Having been a part of so many musicians’ rise to fame, Mama Jan knows a thing or two about what makes a star, and who real stars are. When asked about the pandemic induced uptick in social media stardom, she definitely has some thoughts: “During the pandemic, we saw labels scouring the internet looking for talent, and we’ve seen an inordinate amount of celebrity-driven Instagram and TikTokers being signed. I understand that labels see someone with 2.8 million followers and they want to sign that following, but then they call me and say they need me to teach these people to sing,” Smith shares. “I think people are starving for authenticity, and I am in the business of growing artists.
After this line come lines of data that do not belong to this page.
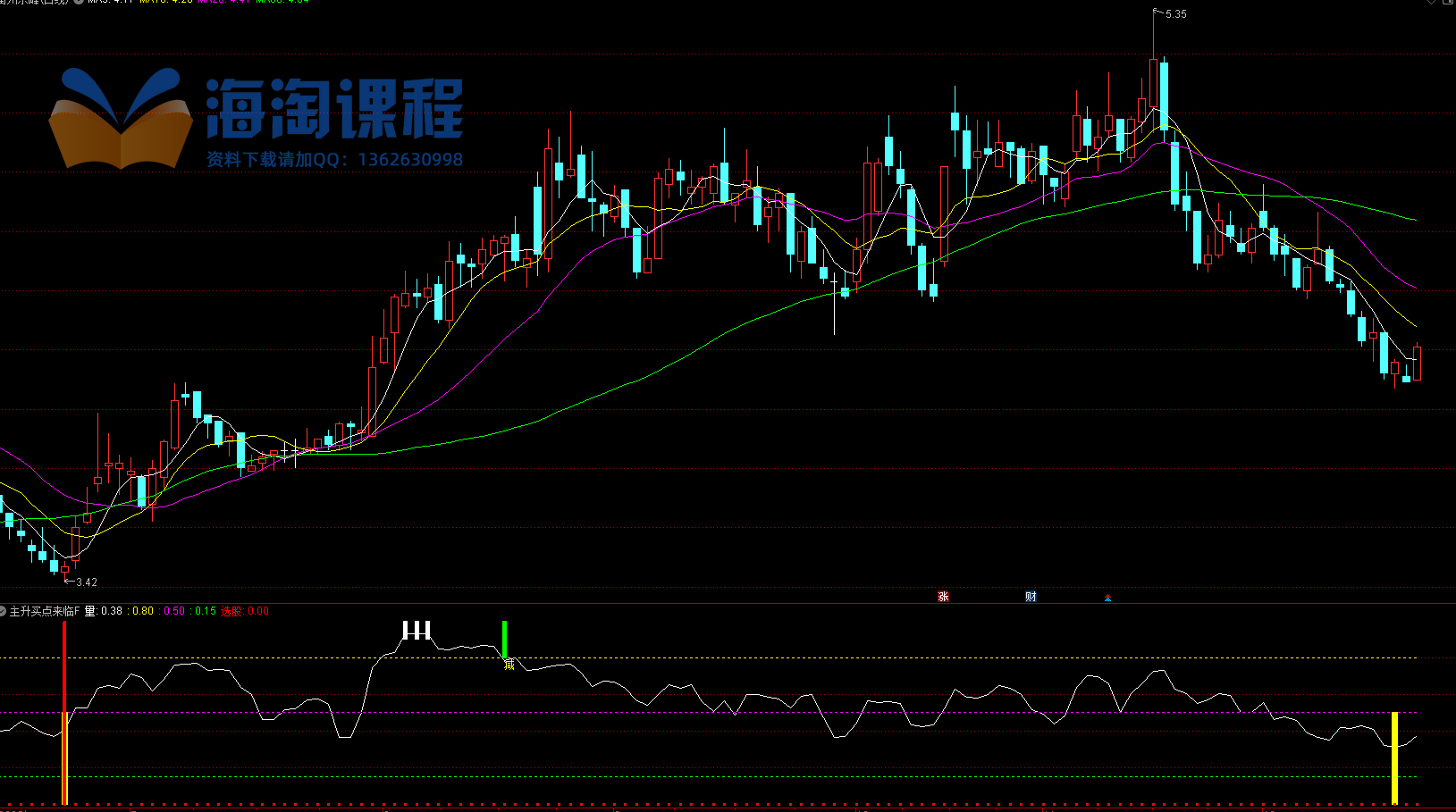 指标综合了价格动量、市场情绪与趋势结构,主要用于识别短期超跌反弹机会。通过衡量上涨与下跌力度的比例判断市场强弱,并结合动量指标、均线系统及极端偏离值,筛选出具备反转潜力的低位买点。当多个条件共振时,发出红色“选股”信号,提示可关注介入时机;同时设有高位警示(“减”字)和低位区域标识,辅助仓位管理。
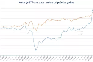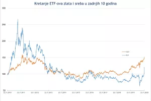 S obzirom na veću volatilnost cijene srebra, što je vidljivo na grafikonu usporedbe kretanja ETF-ova burzovnih kratica GLD (najpoznatiji ETF koji prati kretanje cijene zlata) i SLV (najpoznatiji ETF koji prati kretanje cijene srebra), ne iznenađuje brži rast cijene srebra u posljednjim tjednima.
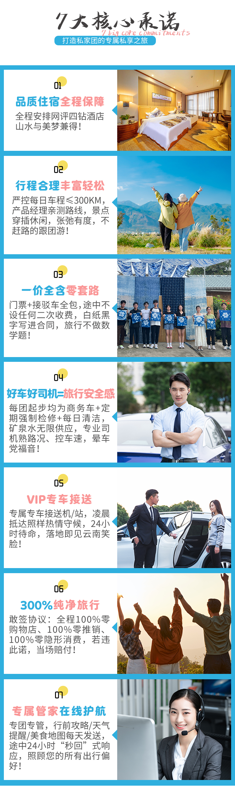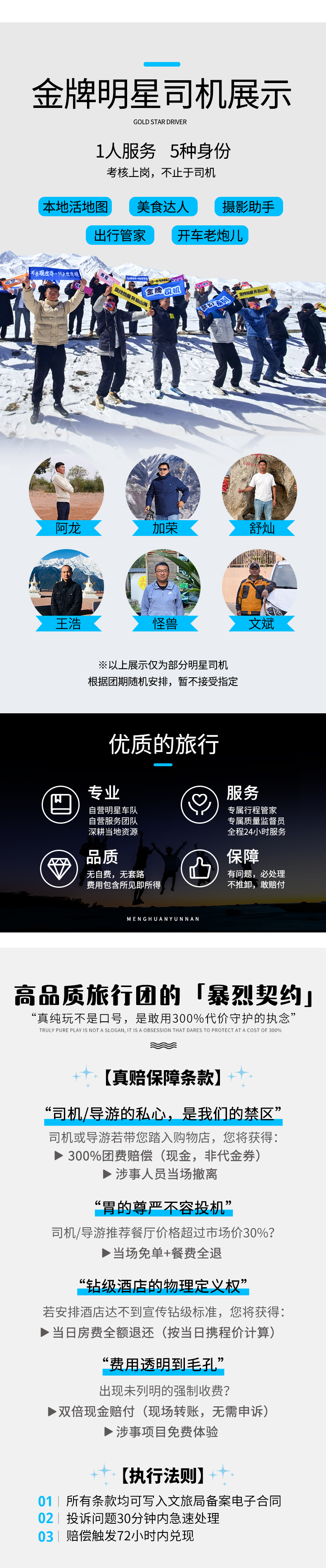 5、司导:2-7人司机兼管家(帮助大家购买门票,给团友游玩建议,无法全程陪同进入收费景区和提供专业讲解等服务,敬请谅解),8人及以上安排1名专职导游全程带队;
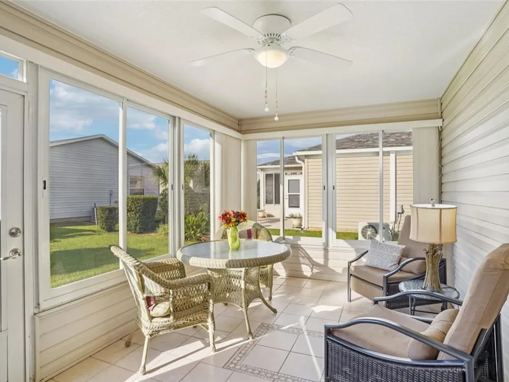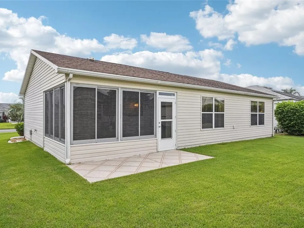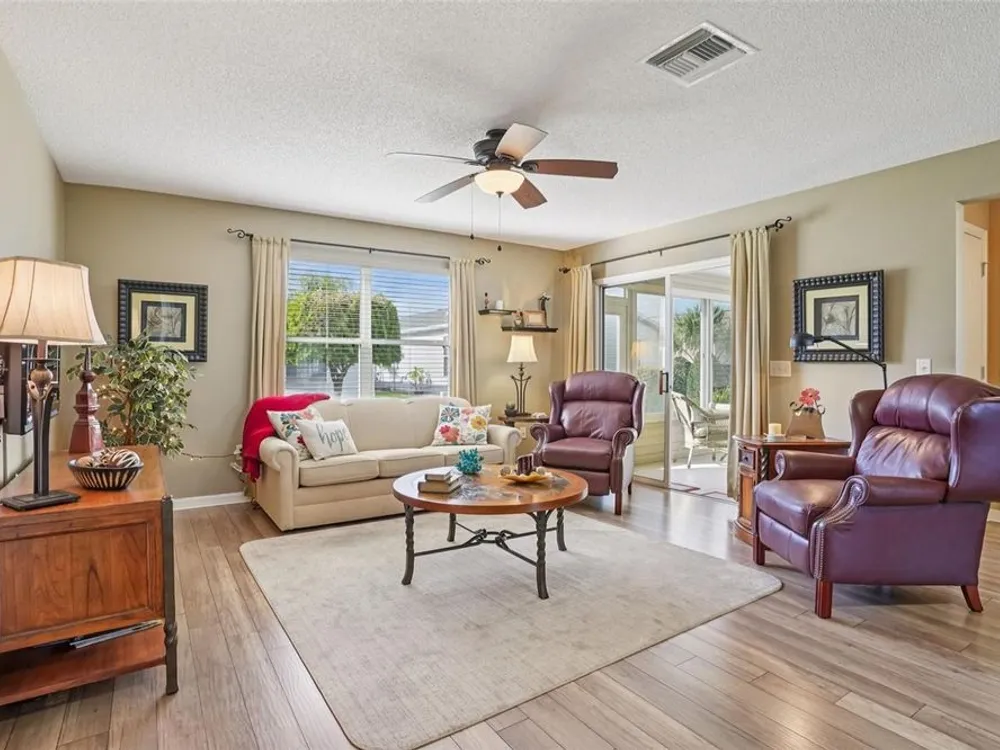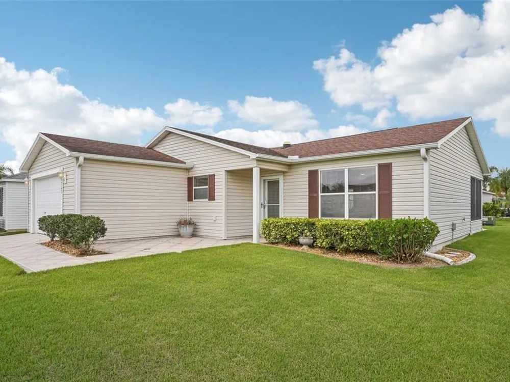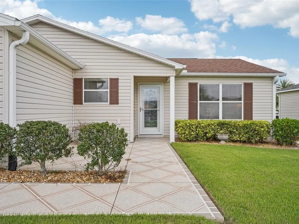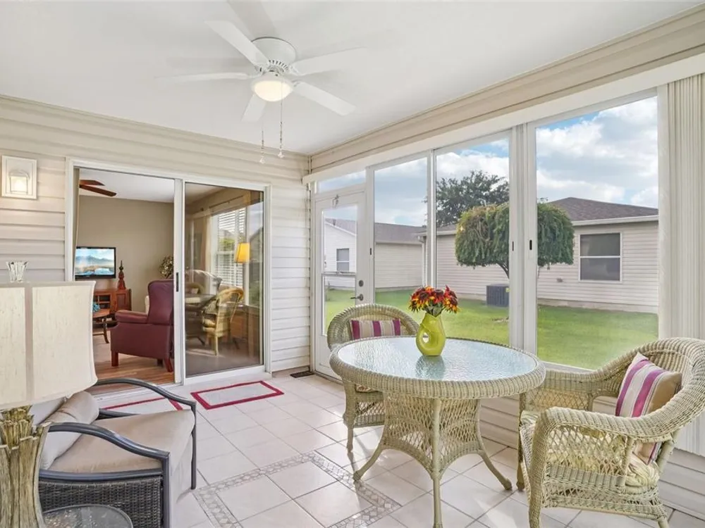 No Bond. Welcome to your Florida home in the Village of Duval, perfectly situated in the Sweet Spot in The Villages, Florida. Yes, the Sweet Spot in between the 6's and in between Morse and Buana Vista. Just minutes by Golf Cart to Sumter Landing and also Brownwood Town Square. This 2 BR 2 BA home comes Turnkey. Owners of this home have used this home as their in-season home only. Features: Beautiful laminate flooring in all rooms with Carpet in the bedrooms. The enclosed lanai has tile and baths have rolled vinyl. The kitchen has a breakfast bar, stainless steel appliances, tile backsplace, and beautiful cabinets with pullouts. A Solar Tube/Light over the dining room table is a perfect touch. The front patio area is large enough to enjoy sitting out and the walkway and driveway are painted. Irrigation system maintains your landscaping all year round. HVAC replaced June 2024 and home comes with a Yamaha Gas Golf Cart. If Security is a priority, The Villages is one of the safest places period. Add all the amenities to your Florida Home and this is your home to choose. Call me today for a private showing or a Facetime showing if not local.There is a $199.00 a month mandatory Amenity Fee to have access to all the amenities of The Villages.
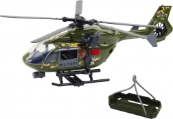 Realistico elicottero militare per bambini che offre divertimento d'azione con rotori rotanti, effetti luminosi e sonori e gancio di salvataggio con barella. Materiali resistenti, batterie incluse e facile utilizzo lo rendono un regalo perfetto per piccoli fan dell'esercito e delle missioni di soccorso.

That’s what we say at Jan Smith Studios.” And when Smith says artists, she has very specific ideas about what that means. “People think they want a celebrity lifestyle and that a tour bus looks really fun until you have to sleep on one for 86 days,” she laughs. “People don’t really understand the hard work [required in the music industry] and many more hours than most people put into a day job. People can have great voices, but are those people true artists?” And what exactly is a true artist according to the one and only Mama Jan? “I know it when I see it and hear it,” she says. “Not all true artists get to be in the mainstream eye, plus, being a celebrity and being an artist are two different things,” she points out. “Sometimes, the two collide, but a real star is what a true artist rises to in their celebrity.”


So while not many TikTokers are catching Smith's eye these days, what young artists are? “I have some incredible artists in my house,” she says. One is Sage Hammond who moved here at 15 just to work with me, and she has an amazing voice that will shake the rafters. We were about to release her new stuff when the pandemic hit, but it will release soon.” Other up-and-comers under the watchful eye and talented guidance of the Jan Smith Studios team include Grace Asbury, a young rapper named Whoada, singer CeCe Benz, and a rock band named Dim.


It's clear that the list of things that make Mama Jan special is long, but one of the items on that list is that she’s never compromised the foundation of who Jan Smith is. One of those cornerstones is that she’s a Georgia Peach. “I’ve traveled all over the world from China to Canada to Israel, but I chose to stay living in Georgia on purpose,” she says. “Atlanta is a little big town that I’ve watched grow from the time I was a child. I love this town. I love our skyline! And Georgia’s thriving right now. Not only the music industry and what Atlanta artists and producers and songwriters are creating, but also the film and television industries here. It’s a special place to be, and with the level of talent and the cost of living, my opinion is the future of Atlanta and Georgia looks pretty bright. And I’m glad I’m already here and solid as far as a brand and my business and my reputation.”


Another integral part of Smith is that she’s a woman of faith. “Everything goes back to the way I was raised, and that’s to treat other people the way you want to be treated and to tell them the truth,” she shares. “I think God has me in a position to be an example, and our studio is a light on a hill. People need to know that somebody cares about them and that they’re loved and that someone will pray for them, and if ‘Mama’s Music House’ can be that place for artists, I consider myself successful.” Mama knows best, indeed.